▼

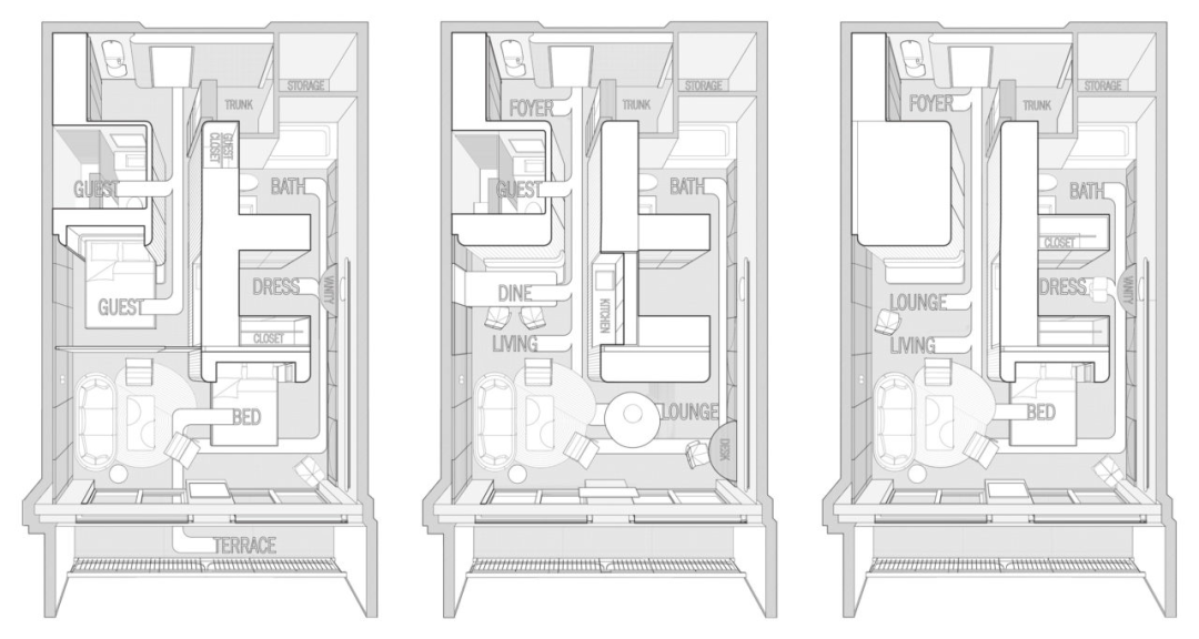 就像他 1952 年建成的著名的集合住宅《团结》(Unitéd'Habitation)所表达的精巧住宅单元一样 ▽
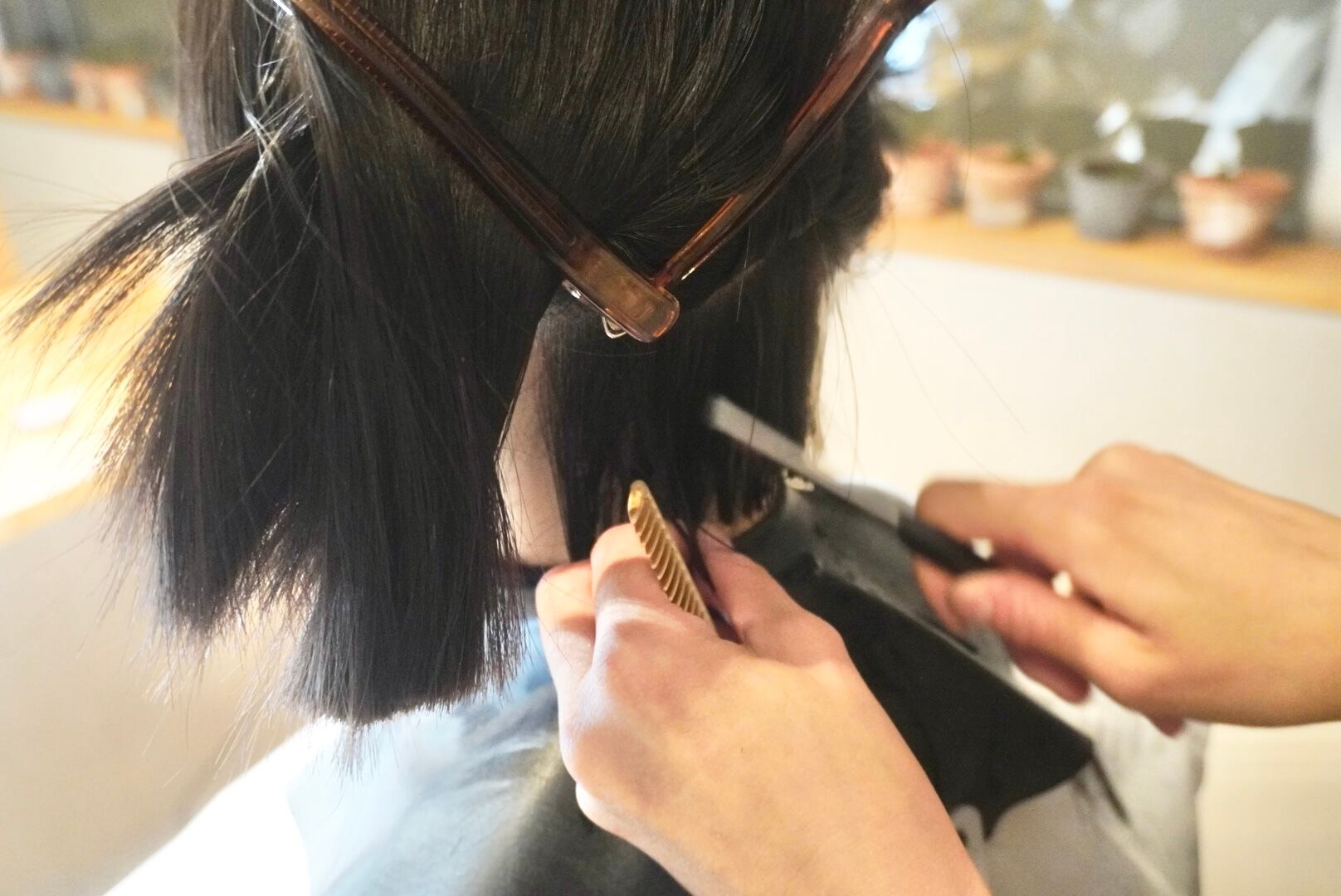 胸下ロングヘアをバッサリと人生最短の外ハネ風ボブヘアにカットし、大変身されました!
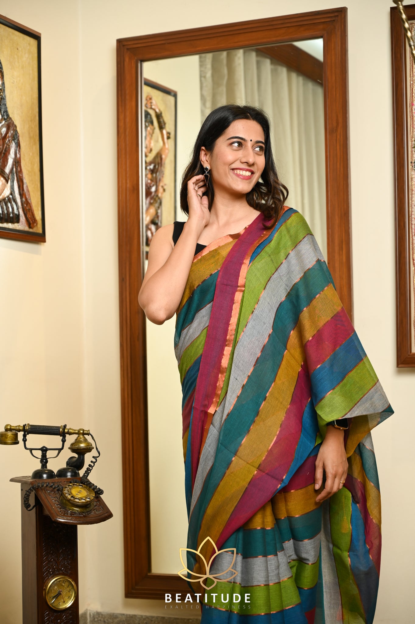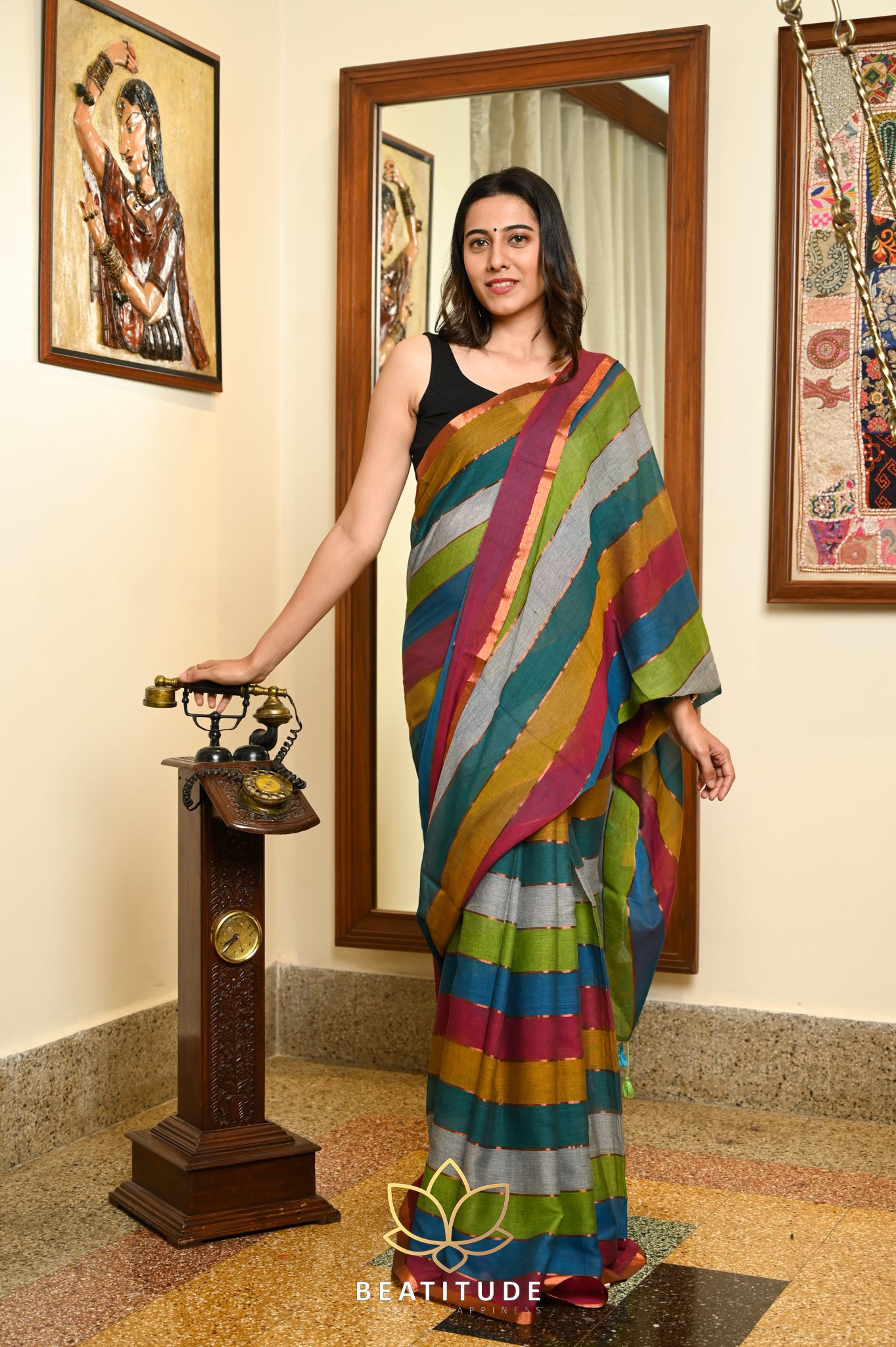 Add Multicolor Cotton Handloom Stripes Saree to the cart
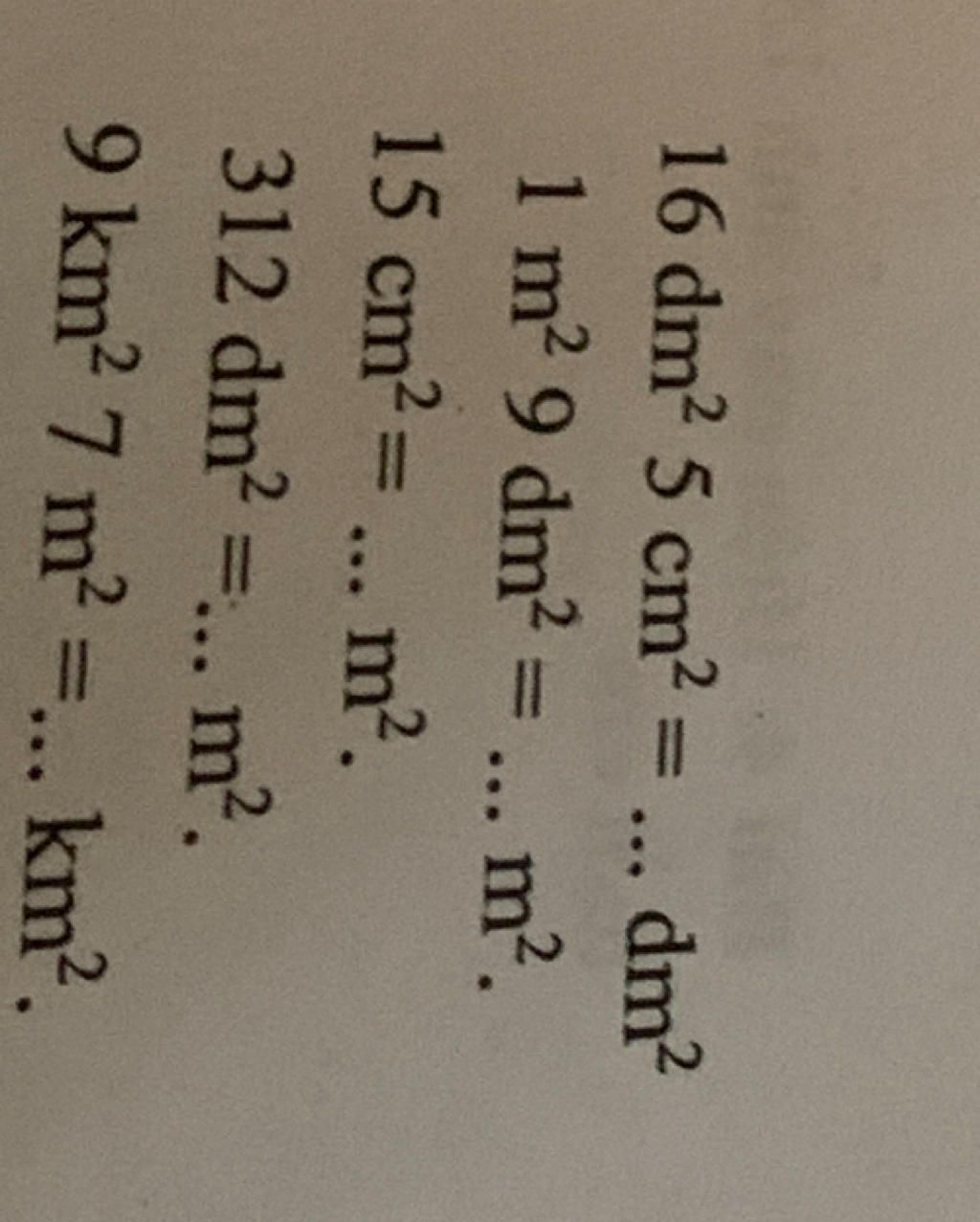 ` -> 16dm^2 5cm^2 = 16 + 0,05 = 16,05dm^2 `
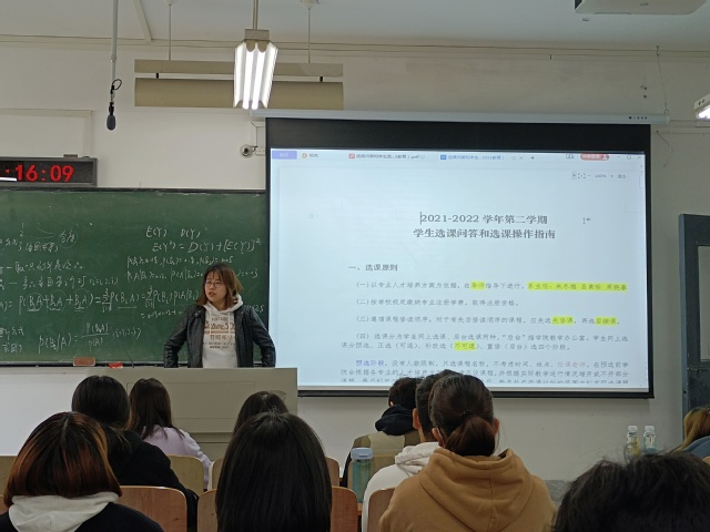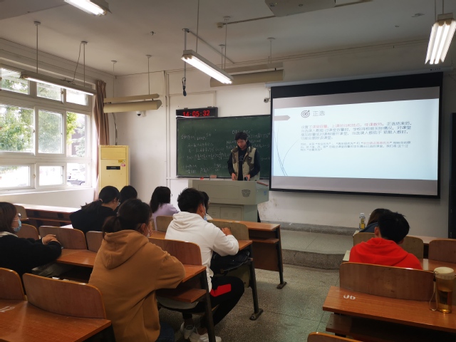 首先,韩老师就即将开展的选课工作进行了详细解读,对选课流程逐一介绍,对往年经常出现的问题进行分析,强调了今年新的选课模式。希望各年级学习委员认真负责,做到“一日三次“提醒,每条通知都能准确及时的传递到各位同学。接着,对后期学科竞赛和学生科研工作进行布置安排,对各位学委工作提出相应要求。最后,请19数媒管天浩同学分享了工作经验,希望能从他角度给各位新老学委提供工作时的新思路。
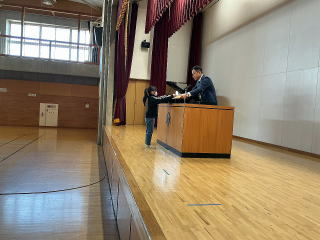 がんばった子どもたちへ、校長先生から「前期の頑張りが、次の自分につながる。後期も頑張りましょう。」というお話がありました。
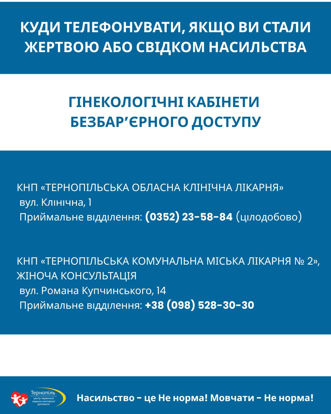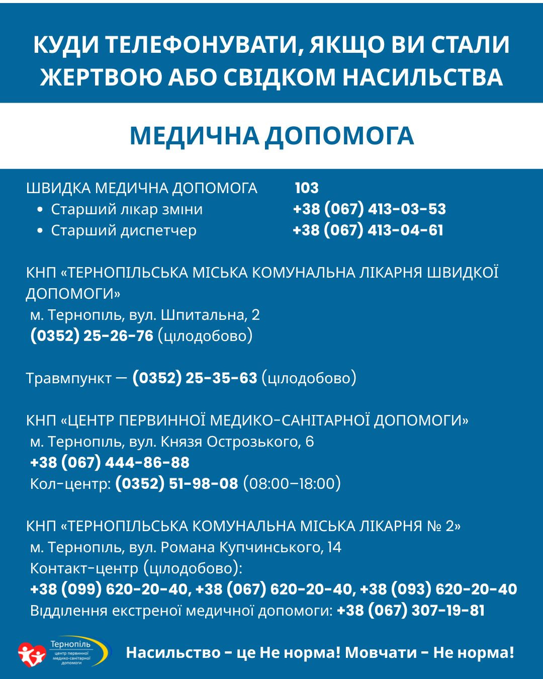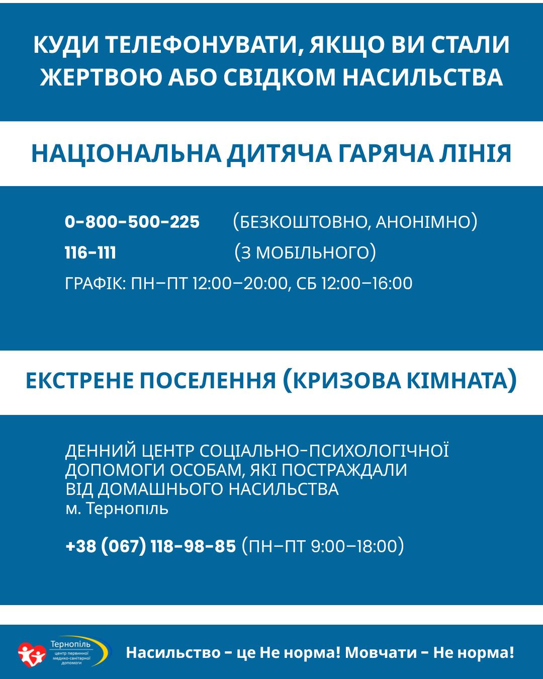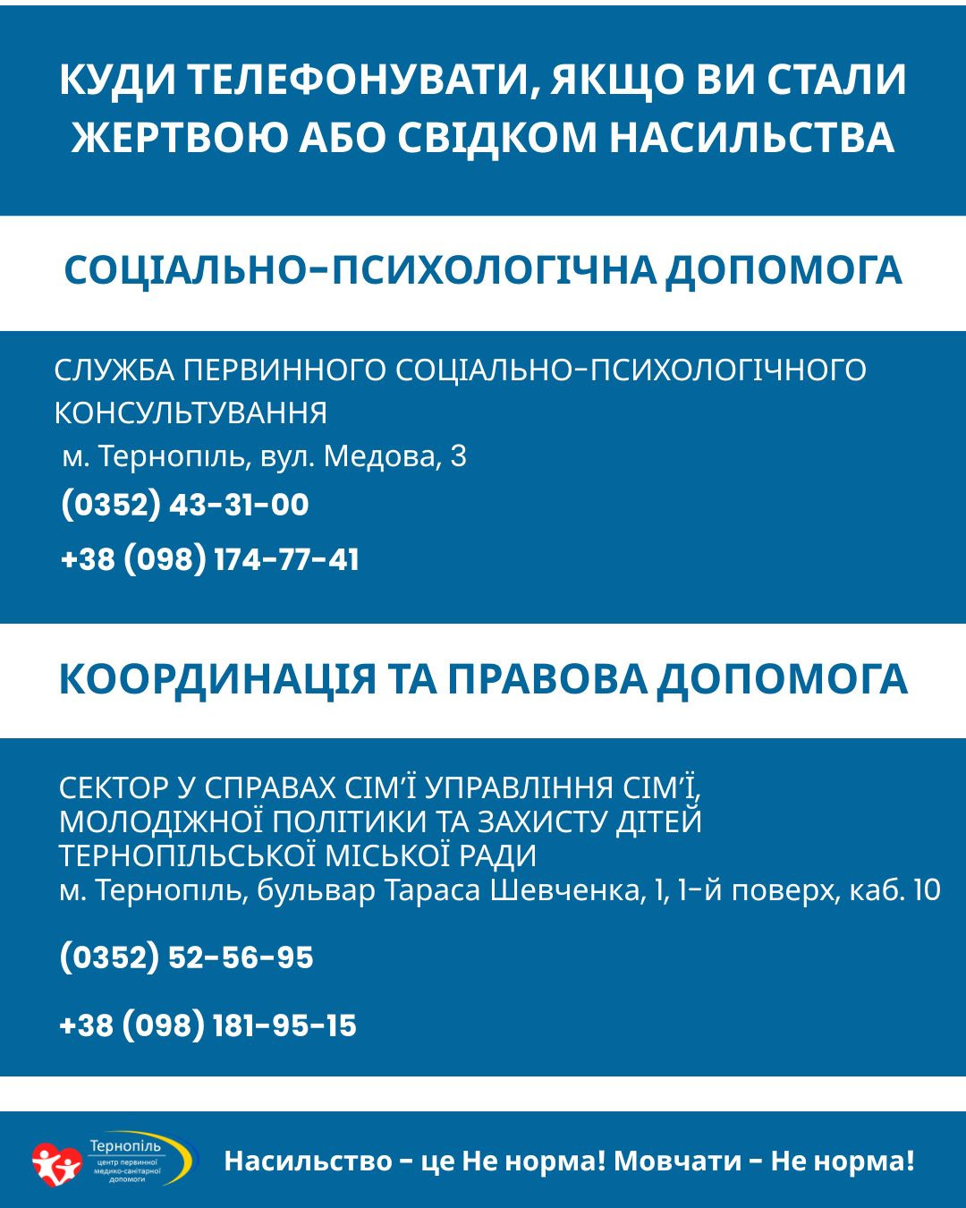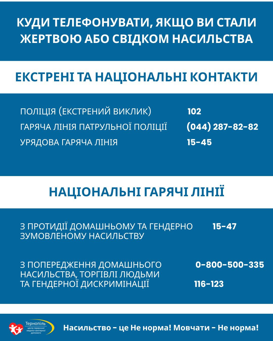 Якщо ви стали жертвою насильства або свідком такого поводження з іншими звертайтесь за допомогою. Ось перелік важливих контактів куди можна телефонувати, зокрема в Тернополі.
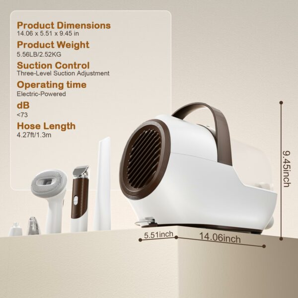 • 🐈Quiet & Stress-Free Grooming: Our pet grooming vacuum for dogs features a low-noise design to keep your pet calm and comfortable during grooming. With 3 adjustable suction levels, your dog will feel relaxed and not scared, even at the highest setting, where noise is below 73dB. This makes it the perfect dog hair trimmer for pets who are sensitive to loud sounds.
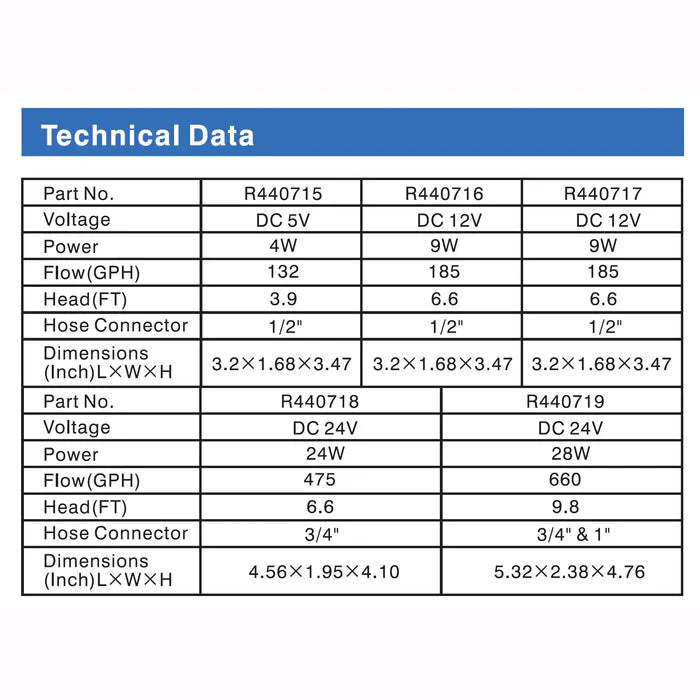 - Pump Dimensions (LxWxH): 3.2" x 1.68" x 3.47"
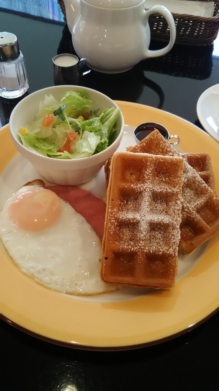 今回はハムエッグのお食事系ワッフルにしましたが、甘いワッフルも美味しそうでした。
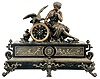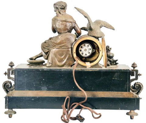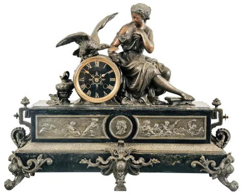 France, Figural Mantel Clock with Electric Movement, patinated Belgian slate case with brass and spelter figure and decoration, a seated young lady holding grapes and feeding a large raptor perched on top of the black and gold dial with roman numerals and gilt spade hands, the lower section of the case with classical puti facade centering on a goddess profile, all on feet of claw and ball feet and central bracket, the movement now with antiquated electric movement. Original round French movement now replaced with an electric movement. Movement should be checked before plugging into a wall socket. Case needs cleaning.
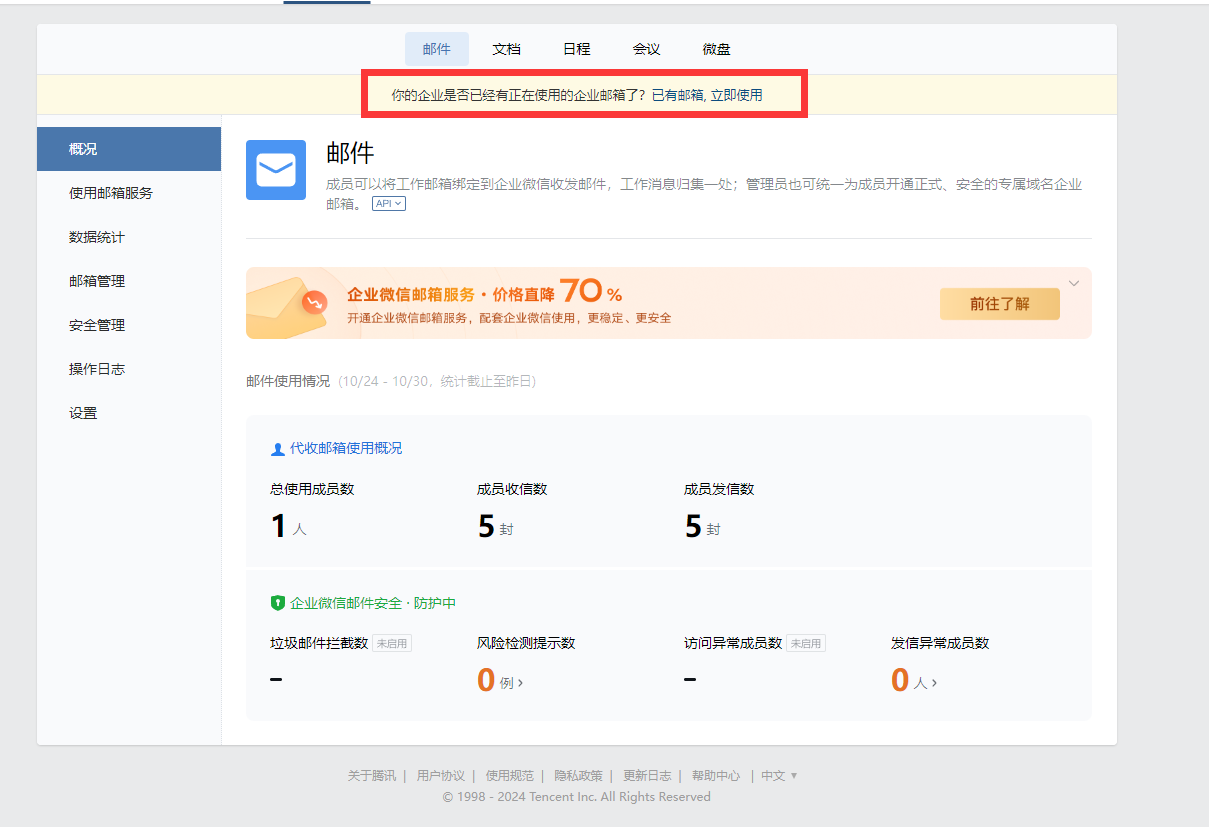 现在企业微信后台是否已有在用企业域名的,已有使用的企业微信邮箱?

▲

## Task item
Repeat exactly the lines above, beginning at the one containing "がんばった子どもたちへ、校長" and ending at the one containing "今回はハムエッグのお食事系ワ". Do not carry over any pictures.

## Response box
 がんばった子どもたちへ、校長先生から「前期の頑張りが、次の自分につながる。後期も頑張りましょう。」というお話がありました。
 Якщо ви стали жертвою насильства або свідком такого поводження з іншими звертайтесь за допомогою. Ось перелік важливих контактів куди можна телефонувати, зокрема в Тернополі.
 • 🐈Quiet & Stress-Free Grooming: Our pet grooming vacuum for dogs features a low-noise design to keep your pet calm and comfortable during grooming. With 3 adjustable suction levels, your dog will feel relaxed and not scared, even at the highest setting, where noise is below 73dB. This makes it the perfect dog hair trimmer for pets who are sensitive to loud sounds.
 - Pump Dimensions (LxWxH): 3.2" x 1.68" x 3.47"
 今回はハムエッグのお食事系ワッフルにしましたが、甘いワッフルも美味しそうでした。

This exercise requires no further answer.